How a gym replaced paper registers with a Rails app featuring biometric attendance and WhatsApp automation.

Updated
7 min read
Building a Production Gym Management System with Ruby on Rails
L
Ruby on Rails engineer with 2 years of experience building production systems — including government management platforms (Ministry of Tourism, India), HR and manufacturing workflow systems, and Spine Fitness, a gym management SaaS I independently built and deployed. Reached the global final round in Empire Flippers' engineering assessment process.
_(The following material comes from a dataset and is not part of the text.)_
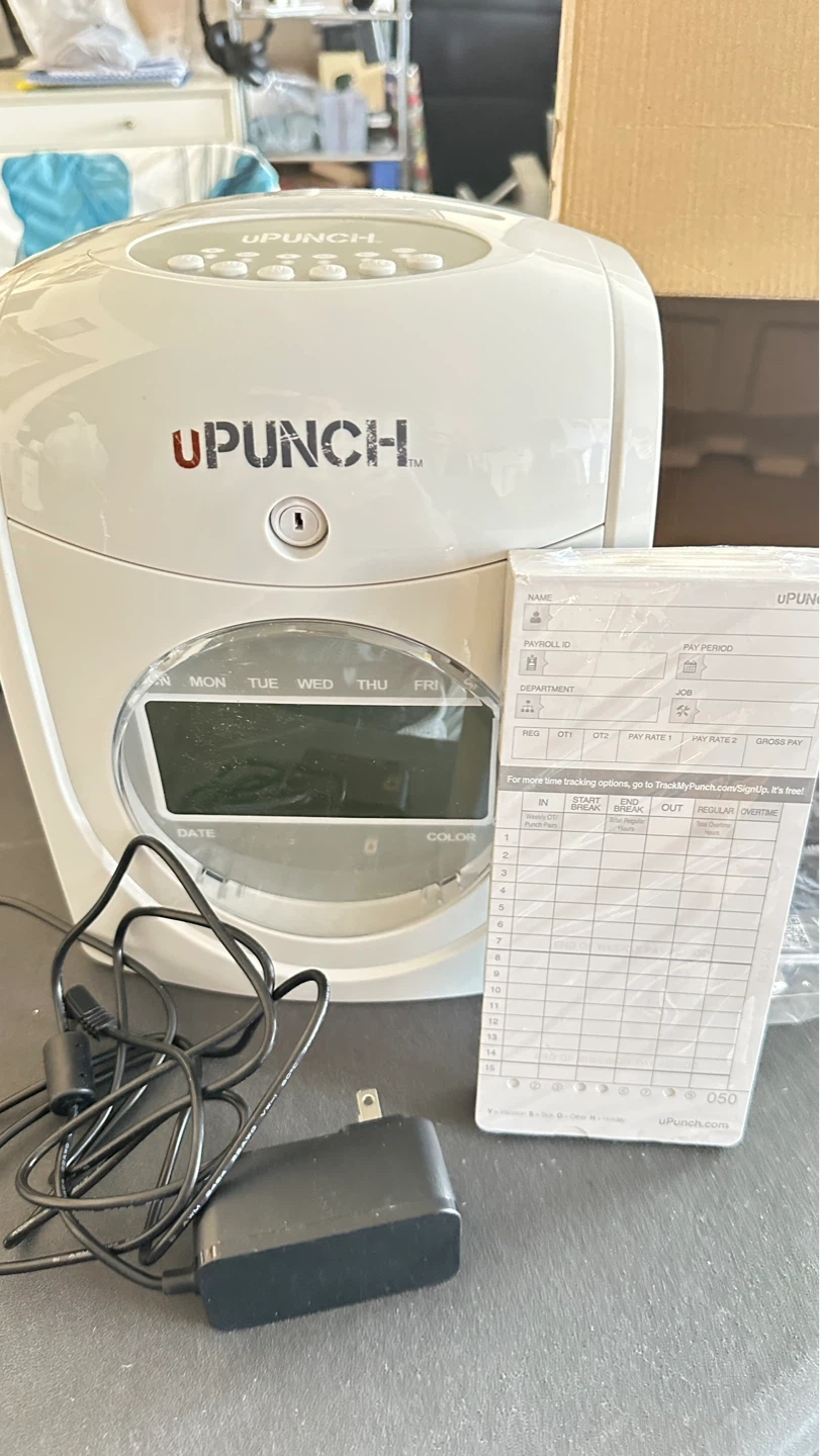 This is a UPUNCH HN4000 time clock terminal. It includes the main unit, a power adapter, and a key. It also comes with a stack of time tracking cards.

Writing about backend architecture, production debugging, integrations, and real-world Rails engineering.

Hey there!

I'm Lakshay, and I built Spine Fitness — a full-stack gym management system using Ruby on Rails that's currently deployed in production and used daily by a real gym in Dwarka, New Delhi.

The gym was managing 200+ members using physical notebooks. Membership renewals were missed, payments were scattered, and attendance tracking was a mess. I built a web platform to replace all of it.

🔗 Live at: spine-fitness.com 💻 Source Code: GitHub Repository


The Problem: Death by Notebooks

Before the software, the gym staff dealt with:

  • Member registrations handwritten in registers

  • Membership renewals forgotten — lost revenue

  • Attendance tracked inconsistently (or not at all)

  • Payment history scattered across different books

  • Inventory (equipment, supplements) completely untracked

  • Member communication required manual phone calls

Result? Human errors, missed renewals, zero visibility, and hours of admin work daily.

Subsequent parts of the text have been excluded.